## Problem
Below this line are records; transcribe exactly the lines between the one holding "Precipitation trend surface" and the one holding "FT сообщила о", inclusive, and omit the pictures.

[Extracted data entries]

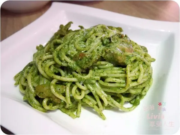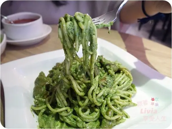 所以比較沒有那麼油膩,而迷迭青醬雞肉細麵,麵條的軟硬度適中,
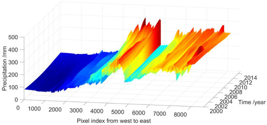 Precipitation trend surface was clearly rising from west to the middle position of the transect (Figure 5), indicating the transition from desert to grassland. In addition, the precipitation surface displayed many local fluctuations. For instance, there was a low and flat surface between 4300 and 5000 pixels (one pixel equals 250 m) and several abnormal peaks between 3500 and 4200 pixels from 2010 to 2014. Moreover, it appeared that precipitation showed a general increase in the eastern section in recent years.
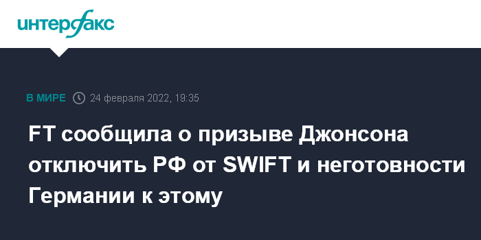 FT сообщила о призыве Джонсона отключить РФ от SWIFT и неготовности Германии к этому
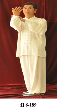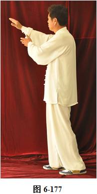 掤:右腰上提,右脚向前迈步,重心渐渐移至中间,成右弓步; 腰继续上提,右小臂同时向右上前方打掤,右掤手高与膻中穴平。左手掌心向下置于左胯旁,意念领腰继续上提,右手随之向右上撩掤,左掌跟随向上,当掤至略高于肩时,两掌翻转掌心斜相对(见图6-174至6-189)。
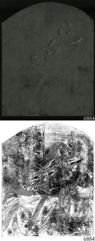 Woodblock for printing an illustration of an adult and child. |
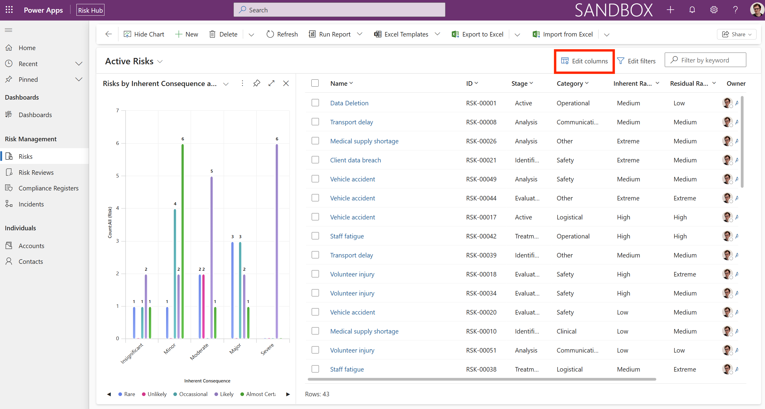 Click Edit Columns to add, remove, or rearrange the columns shown---common fields include risk ID, owner, category, rating, and status.
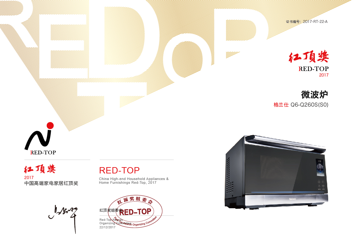 近日,第九届中国高端家电家居趋势发布暨红顶奖颁奖盛典在北京举行,格兰仕微蒸烤一体机(Q6-Q260S(S0))凭借领先的技术和优异的产品品质,一举荣获中国家电界的至高荣誉——红顶奖。同时蒸烤炉(CG25T-C63)获红顶奖提名。

## Solution to this problem
 Precipitation trend surface was clearly rising from west to the middle position of the transect (Figure 5), indicating the transition from desert to grassland. In addition, the precipitation surface displayed many local fluctuations. For instance, there was a low and flat surface between 4300 and 5000 pixels (one pixel equals 250 m) and several abnormal peaks between 3500 and 4200 pixels from 2010 to 2014. Moreover, it appeared that precipitation showed a general increase in the eastern section in recent years.
 FT сообщила о призыве Джонсона отключить РФ от SWIFT и неготовности Германии к этому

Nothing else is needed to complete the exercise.